Bar Chart: Total Flights by Destination State¶

I want to see the total number of flights to each destination state.

Next Steps¶

Based on what I've learned so far, I plan to try more advanced Plotly features and apply them to my own datasets.

In [ ]:
bar_data = sampled_data.groupby(['DestState'])['Flights'].sum().reset_index()
In [ ]:
bar_data
Out[ ]:
DestState Flights
0 AK 4.0
1 AL 3.0
2 AZ 8.0
3 CA 68.0
4 CO 20.0
5 CT 5.0
6 FL 32.0
7 GA 27.0
8 HI 5.0
9 IA 1.0
10 ID 1.0
11 IL 33.0
12 IN 6.0
13 KS 1.0
14 KY 14.0
15 LA 4.0
16 MA 10.0
17 MD 7.0
18 MI 16.0
19 MN 11.0
20 MO 18.0
21 MT 3.0
22 NC 13.0
23 NE 2.0
24 NH 1.0
25 NJ 5.0
26 NM 1.0
27 NV 13.0
28 NY 21.0
29 OH 9.0
30 OK 6.0
31 OR 3.0
32 PA 14.0
33 PR 2.0
34 RI 1.0
35 SC 1.0
36 TN 14.0
37 TX 60.0
38 UT 7.0
39 VA 11.0
40 VI 1.0
41 WA 10.0
42 WI 8.0
In [ ]:
fig = px.bar(bar_data, x="DestState", y="Flights", title='Total number of flights to each destination state')
fig.show()

Summary¶

This notebook captures my personal journey with Plotly, highlighting my experiments, discoveries, and areas for future exploration.

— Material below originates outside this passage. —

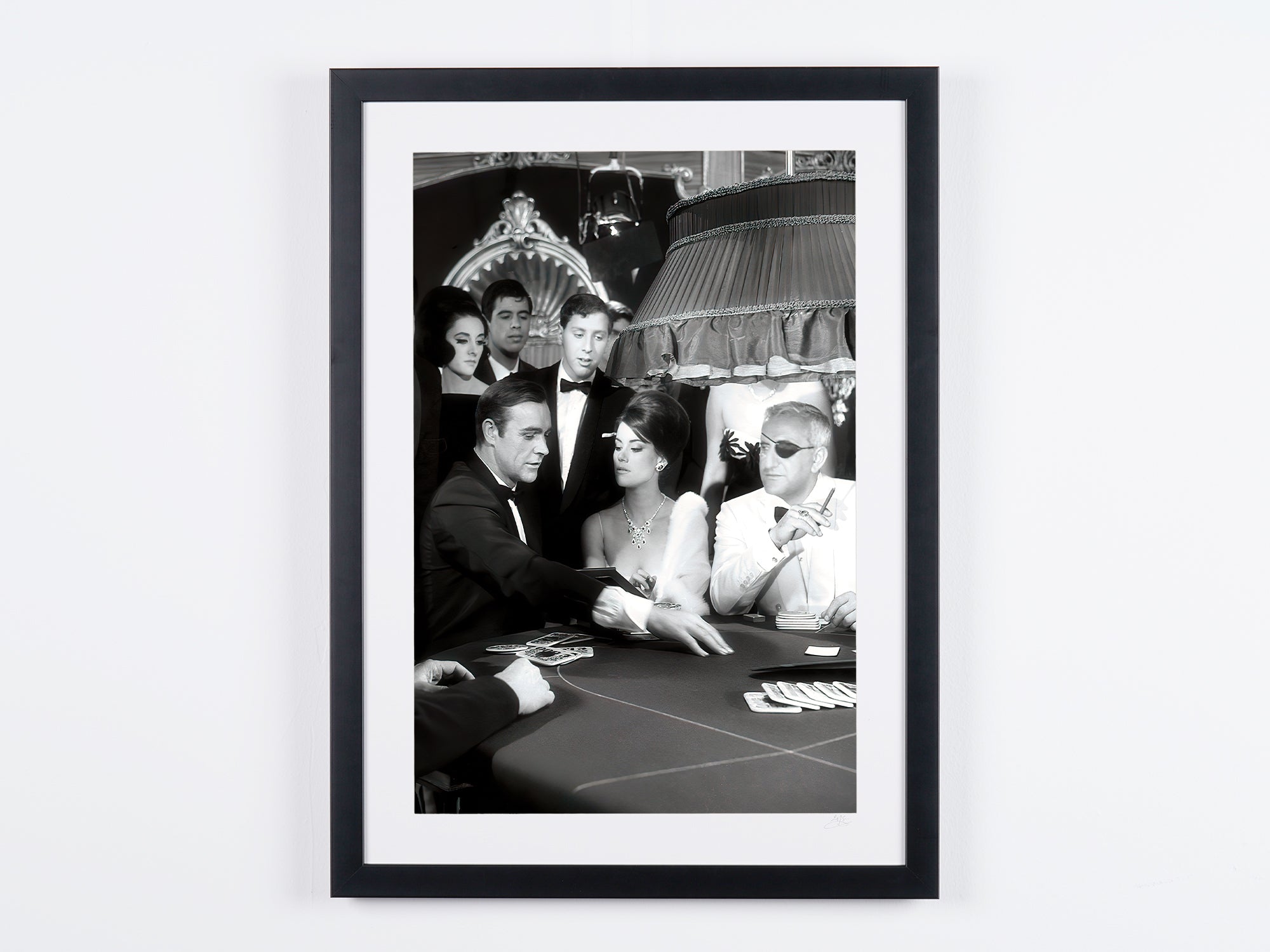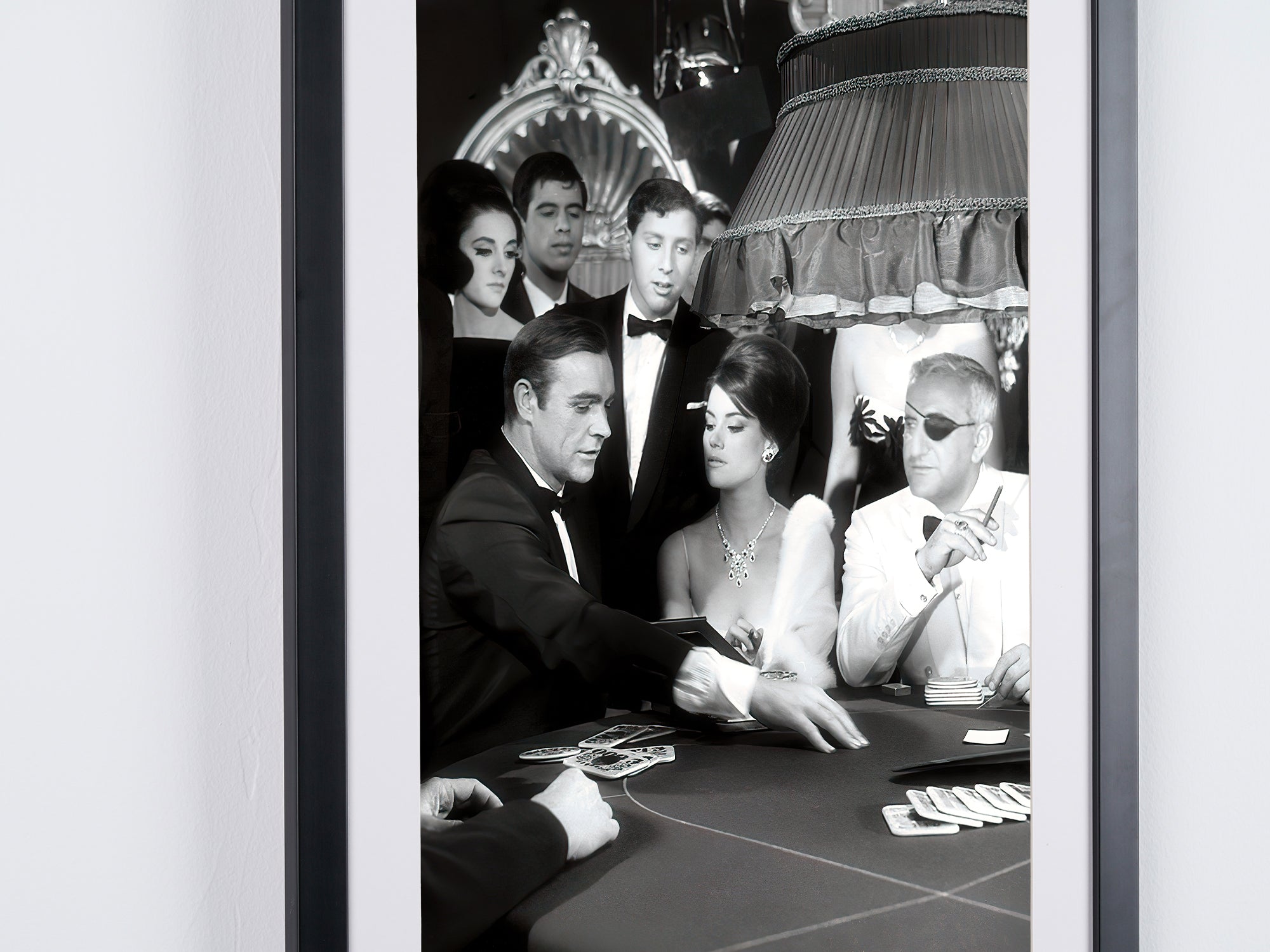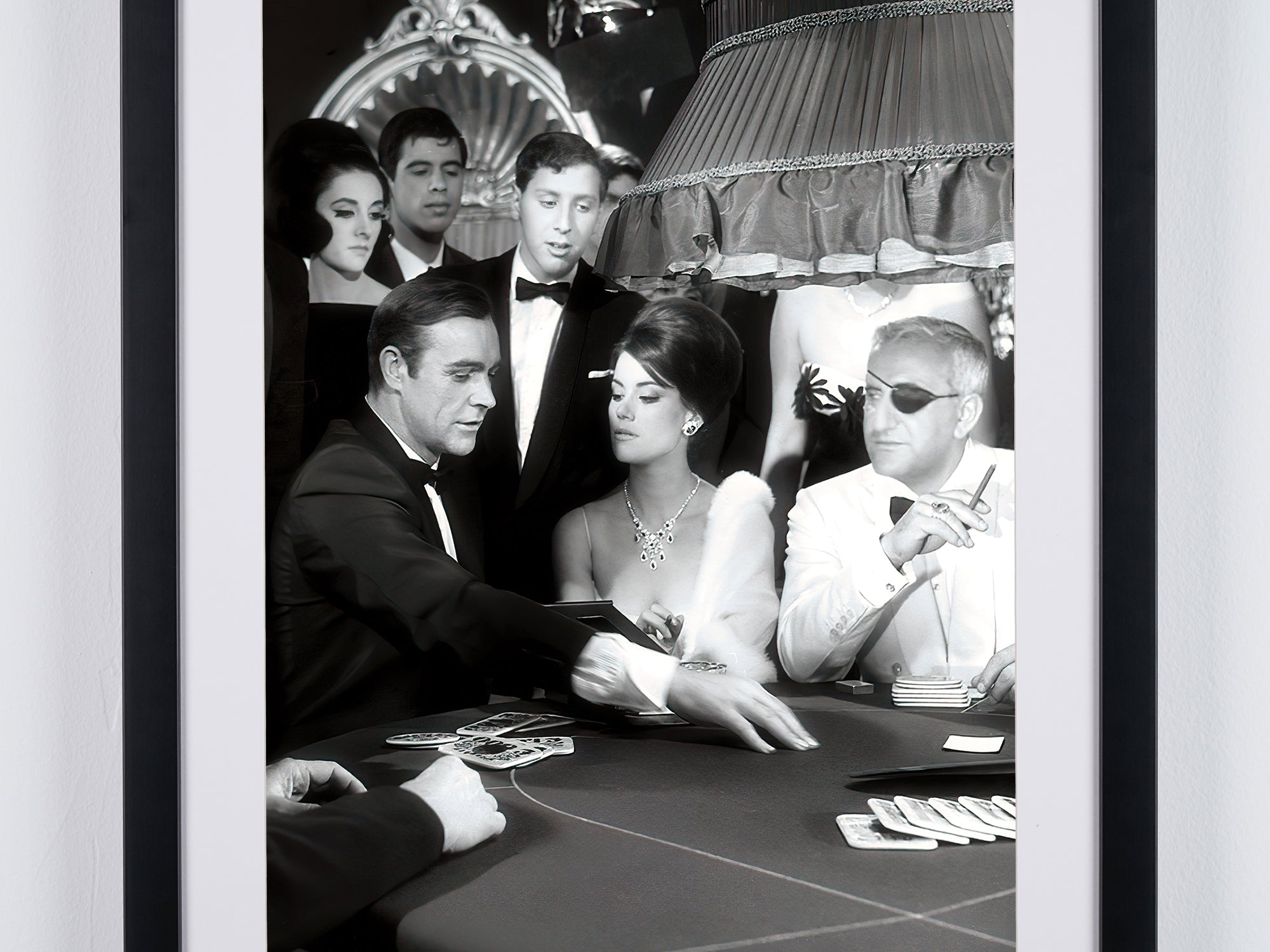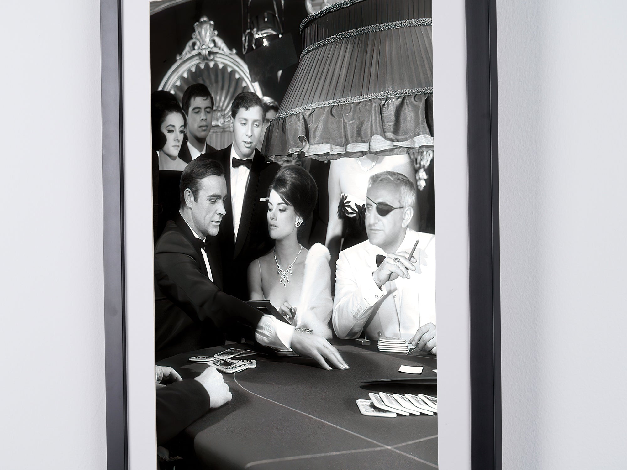 Fotografía enmarcada de James Bond : Operación Trueno - Sean Connery Emilio Largo en la escena del casino» — Impresión artística en blanco y negro sobre papel Fine Art 70x50 cm

Bubble Chart: Flights by Reporting Airline¶

I want to compare the number of flights for each reporting airline.

In [ ]:
bub_data = sampled_data.groupby('Reporting_Airline')['Flights'].sum().reset_index()
In [41]:
bub_data
Out[41]:
Reporting_Airline Flights
0 9E 5.0
1 AA 57.0
2 AS 14.0
3 B6 10.0
4 CO 12.0
5 DL 66.0
6 EA 4.0
7 EV 11.0
8 F9 4.0
9 FL 3.0
10 HA 3.0
11 HP 7.0
12 KH 1.0
13 MQ 27.0
14 NK 3.0
15 NW 26.0
16 OH 8.0
17 OO 28.0
18 PA (1) 1.0
19 PI 1.0
20 PS 1.0
21 TW 14.0
22 UA 51.0
23 US 43.0
24 VX 1.0
25 WN 86.0
26 XE 6.0
27 YV 6.0
28 YX 1.0
In [ ]:
fig = px.scatter(bub_data, x="Reporting_Airline", y="Flights", size="Flights",
                 hover_name="Reporting_Airline", title='Reporting Airline vs Number of Flights', size_max=60)
fig.show()
In [ ]:
sampled_data['ArrDelay'] = sampled_data['ArrDelay'].fillna(0)
Out[ ]:
5312     32.0
18357    -1.0
6428     -5.0
15414    -2.0
10610   -11.0
         ... 
18946     8.0
16291    -5.0
21818   -14.0
24116    88.0
16705     4.0
Name: ArrDelay, Length: 500, dtype: float64
In [ ]:
fig = px.histogram(sampled_data, x="ArrDelay", title='Distribution of Arrival Delays')
fig.show()

Additional Notes¶

Any extra observations or ideas for future projects will go here.

In [ ]:
fig = px.pie(sampled_data, values='Month', names='DistanceGroup', title='Distance group proportion by month')
fig.show()

Appendix¶

Supporting code, references, or resources for my Plotly experiments.

In [ ]:
fig = px.sunburst(sampled_data, path=['Month', 'DestStateName'], values='Flights', title='Flights by Month and Destination State')
fig.show()

Summary¶

Through these visualizations, I gained a deeper understanding of airline performance and delays. Plotly makes it easy to create interactive and insightful charts.

End of Notebook¶

This marks the end of my Plotly basics exploration.